» **PROMPT**: Whatever comes before the line containing "Mid Century Modern" stays out; transcribe that line and all that follow to the end of the records exactly, with no pictures.
----------
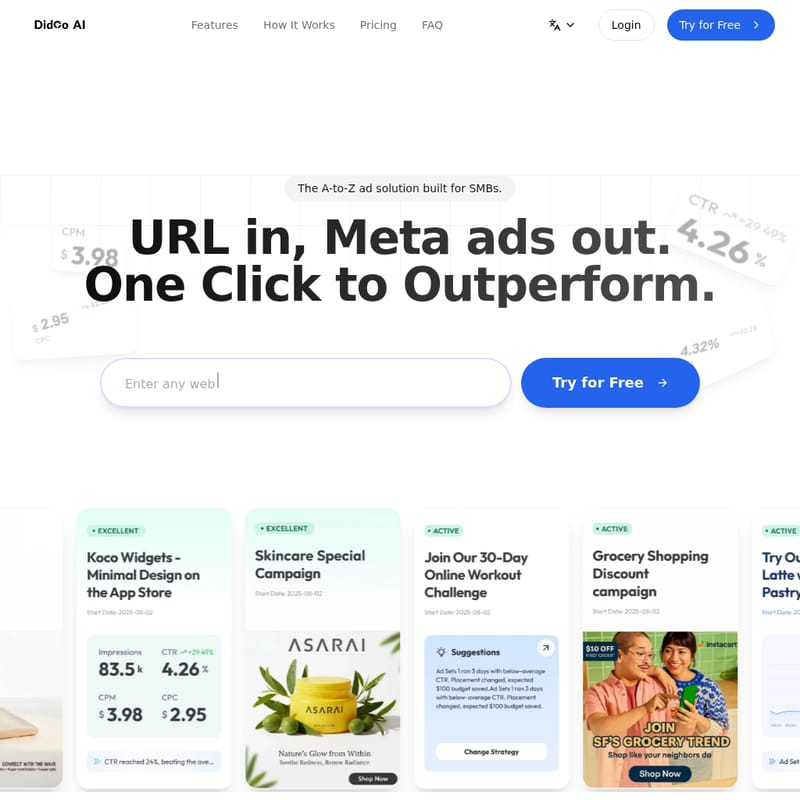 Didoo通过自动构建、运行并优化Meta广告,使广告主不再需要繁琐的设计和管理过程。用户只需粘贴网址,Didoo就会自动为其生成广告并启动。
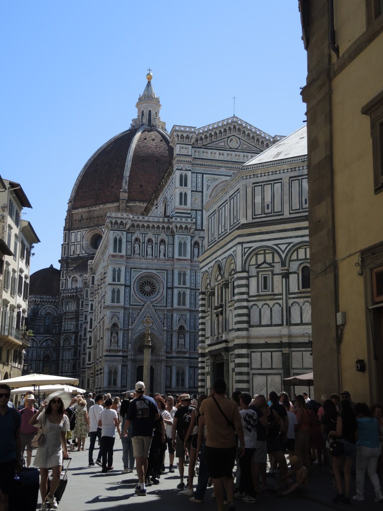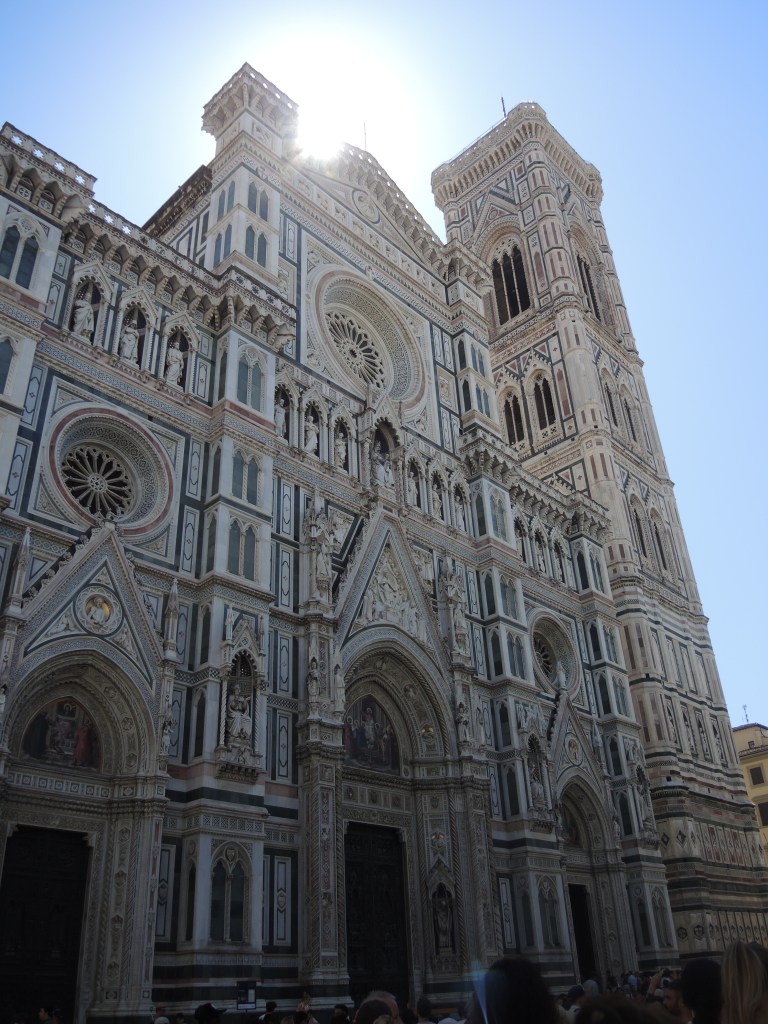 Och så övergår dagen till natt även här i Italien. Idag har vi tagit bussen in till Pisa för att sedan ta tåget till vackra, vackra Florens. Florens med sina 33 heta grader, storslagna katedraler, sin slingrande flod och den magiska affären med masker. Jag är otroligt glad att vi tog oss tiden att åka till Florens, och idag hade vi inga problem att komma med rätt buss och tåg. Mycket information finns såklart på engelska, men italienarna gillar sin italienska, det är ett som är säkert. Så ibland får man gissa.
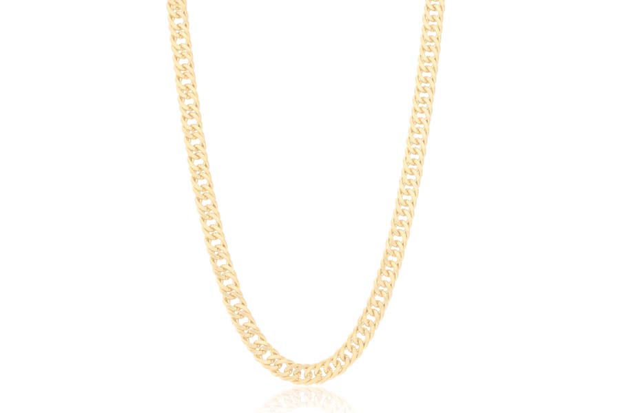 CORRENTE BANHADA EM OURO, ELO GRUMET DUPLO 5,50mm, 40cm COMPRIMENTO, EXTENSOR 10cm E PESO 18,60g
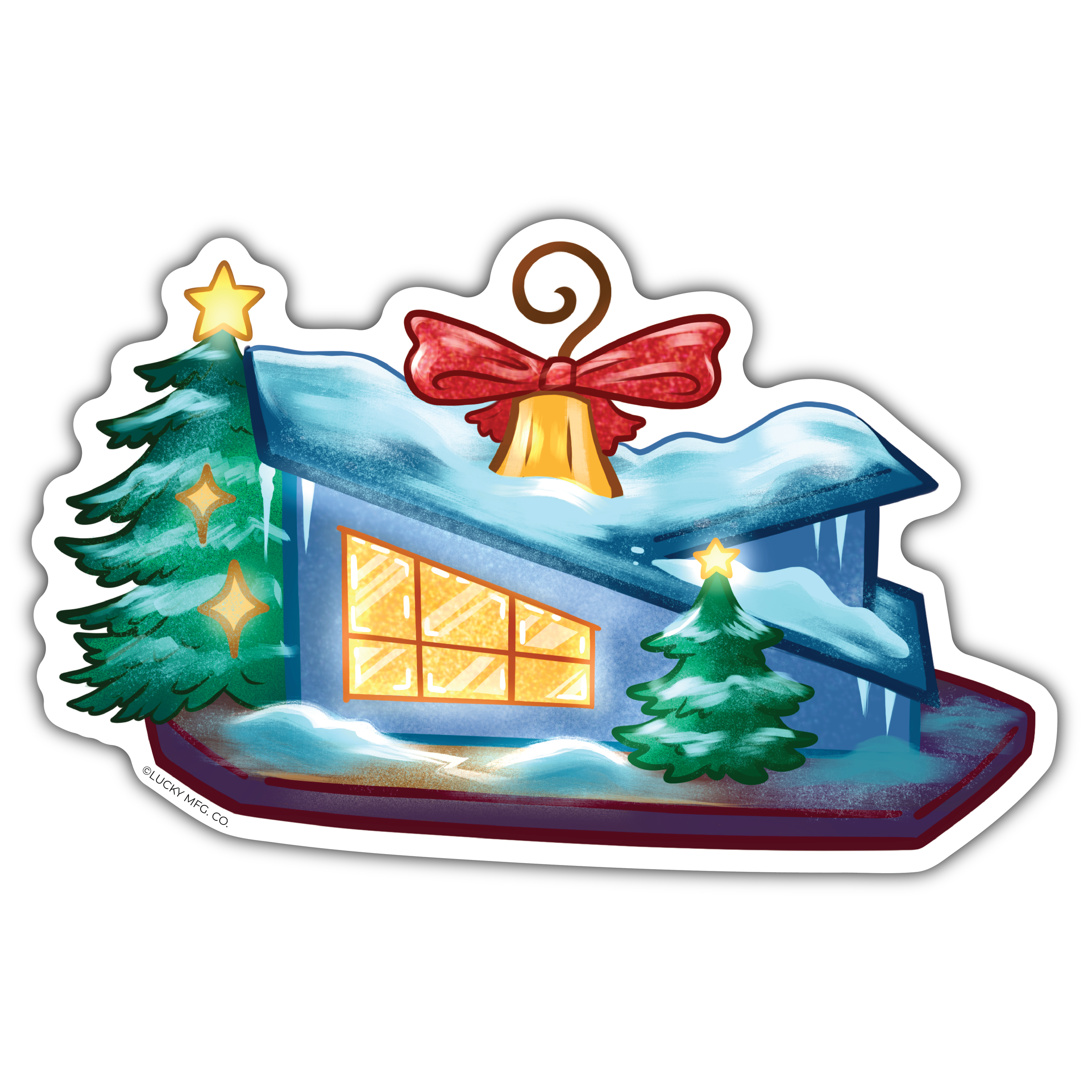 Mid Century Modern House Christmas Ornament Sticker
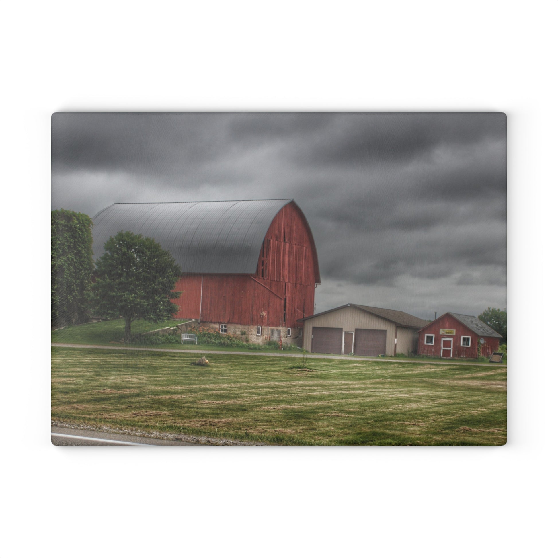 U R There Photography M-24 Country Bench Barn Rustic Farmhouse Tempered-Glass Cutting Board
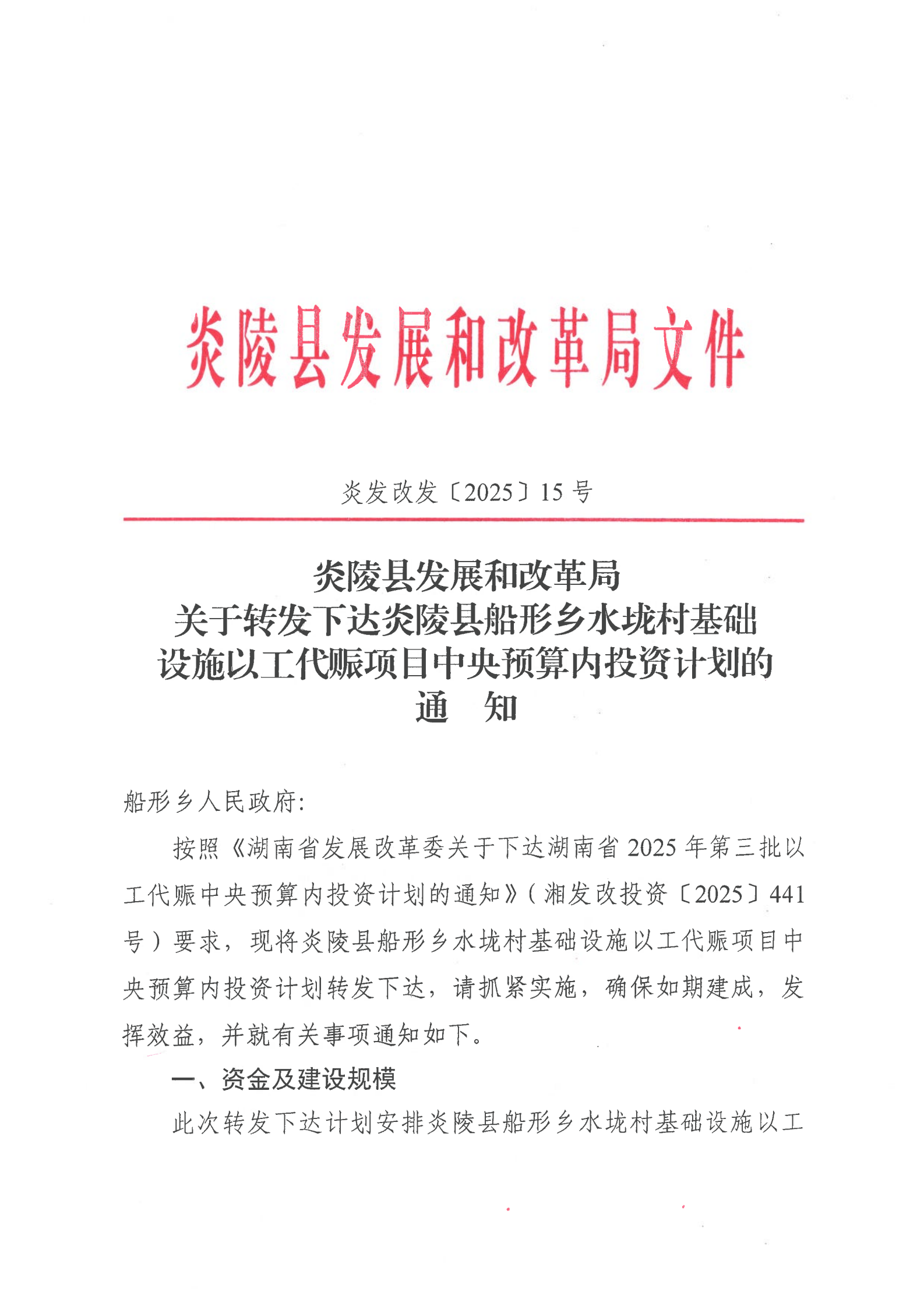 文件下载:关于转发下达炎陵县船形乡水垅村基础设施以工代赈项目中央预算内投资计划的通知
----------
» **RESULT OF THIS EXERCISE**:
 Mid Century Modern House Christmas Ornament Sticker
 U R There Photography M-24 Country Bench Barn Rustic Farmhouse Tempered-Glass Cutting Board
 文件下载:关于转发下达炎陵县船形乡水垅村基础设施以工代赈项目中央预算内投资计划的通知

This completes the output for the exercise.